La embajadora de EE UU, Linda Thomas-Greenfield, se dirige este miércoles a la Asamblea General de la ONU.MIKE SEGAR (REUTERS)

Dos reuniones de signo contrario, y ningún resultado concluyente, han demostrado este miércoles la parálisis de la ONU a la hora de adoptar medidas que contribuyan a paliar el sufrimiento de la población de Ucrania cuando se cumple el primer mes de la guerra. Por la mañana, una convocatoria extraordinaria de la Asamblea General ha debatido una propuesta de “resolución humanitaria” -no ejecutiva al tratarse del plenario-, que fue tildada de antirrusa por el representante del Kremlin, Vasili Nebenzia. El embajador ruso presentó por la tarde un borrador alternativo ante el Consejo de Seguridad. El máximo foro de la organización sí tiene poder ejecutivo, aunque está neutralizado en la práctica por el derecho de veto de sus cinco miembros permanentes, entre ellos Rusia y EE UU.

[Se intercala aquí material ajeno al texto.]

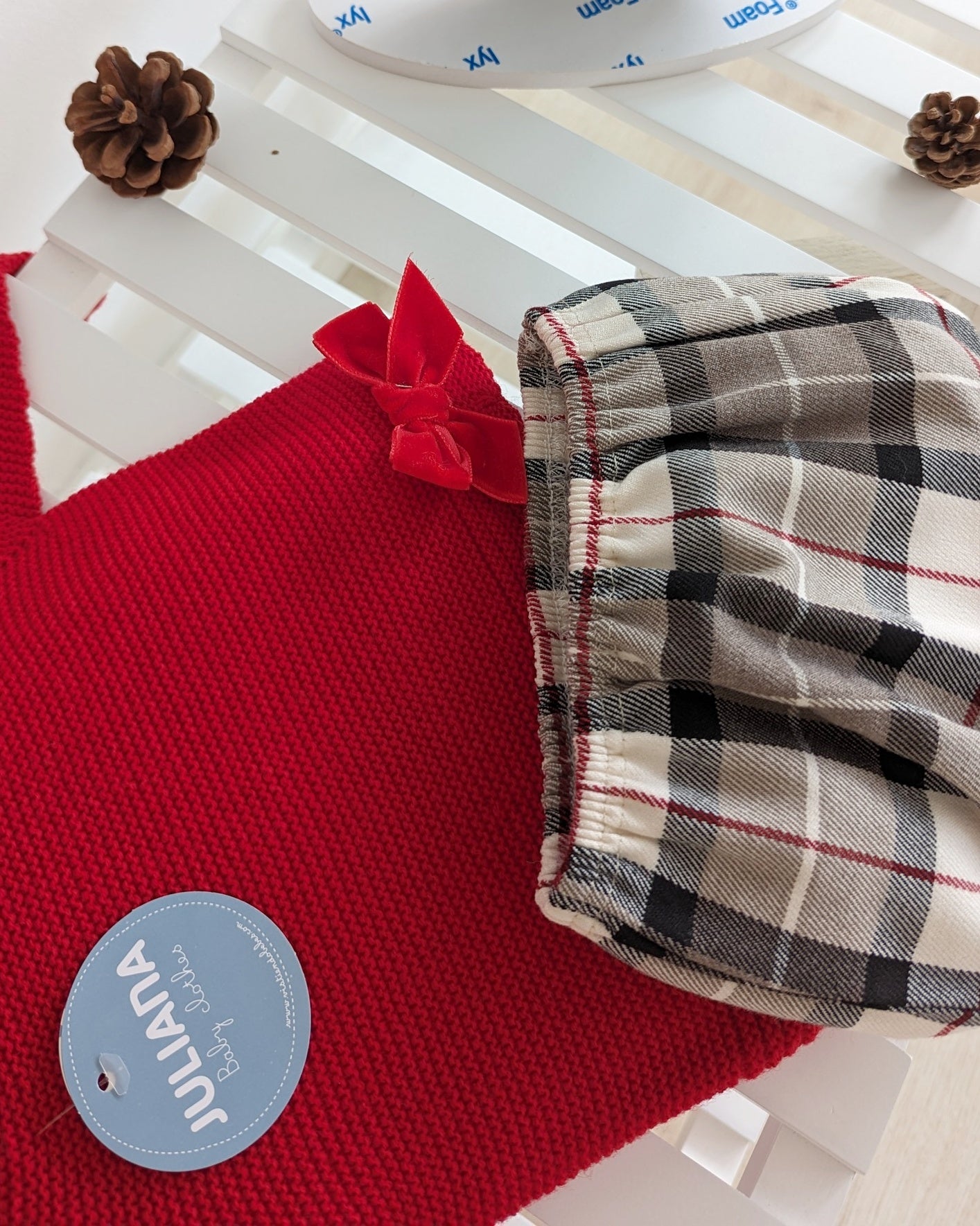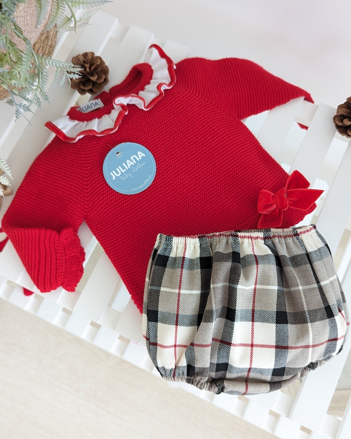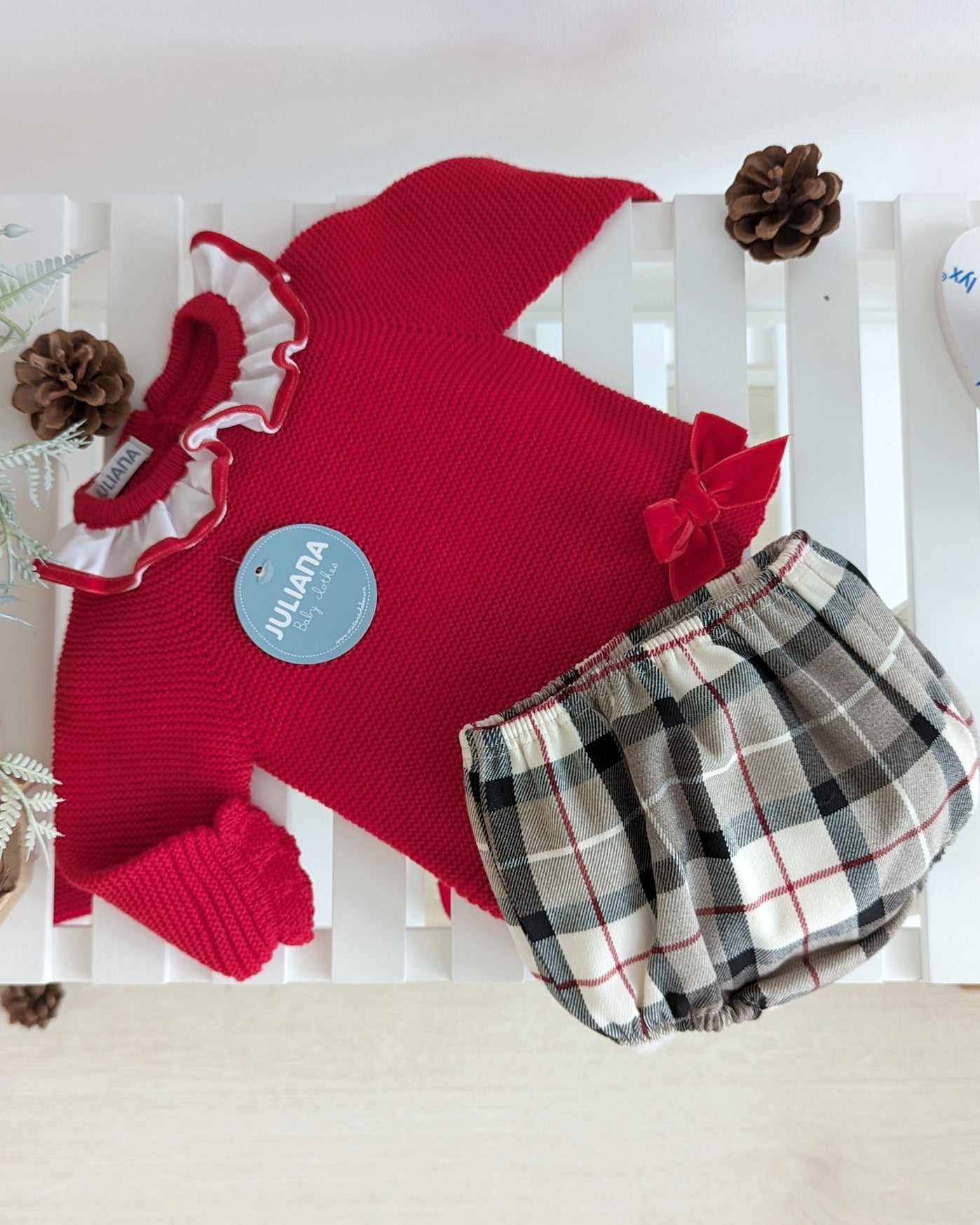 Conjunto Braga Cuadros Rojo - Colección Caricia Juliana

El ejercicio de equilibrismo diplomático en la sede de Naciones Unidas en Nueva York se prolonga hasta la extenuación como un reflejo de intereses no sólo contrapuestos, sino irreconciliables. La propuesta de “resolución humanitaria” del embajador Nebenzia omitía que la crisis humana que se desarrolla en Ucrania se debe a la invasión rusa, y evitaba definir quién es el agresor y quién el agredido. El texto, eso sí, expresaba “su seria preocupación por las informaciones de víctimas civiles, niños incluidos, en y alrededor de Ucrania” que las informaciones sobre el terreno atribuyen mayoritariamente a las fuerzas rusas, el mismo día que EE UU acusaba a Moscú de crímenes de guerra en el país vecino.

“Condenamos enérgicamente los ataques dirigidos contra civiles e infraestructuras de carácter civil, incluidos los bombardeos indiscriminados y el emplazamiento de objetos y equipos militares en zonas densamente pobladas y cerca de bienes civiles, así como el uso de esos bienes con fines militares, [fines] que pongan en peligro la vida de la población civil en violación del derecho internacional derecho humanitario”, incidía el texto de la resolución, que solo ha logrado dos votos favorables (Rusia y China) frente a 13 abstenciones, incluida la de EE UU. “Esta maniobra no engaña a nadie”, dijo el representante de Francia en el Consejo. El embajador de República Dominicana dijo sentirse “completamente confundido” por la existencia de dos propuestas de resolución.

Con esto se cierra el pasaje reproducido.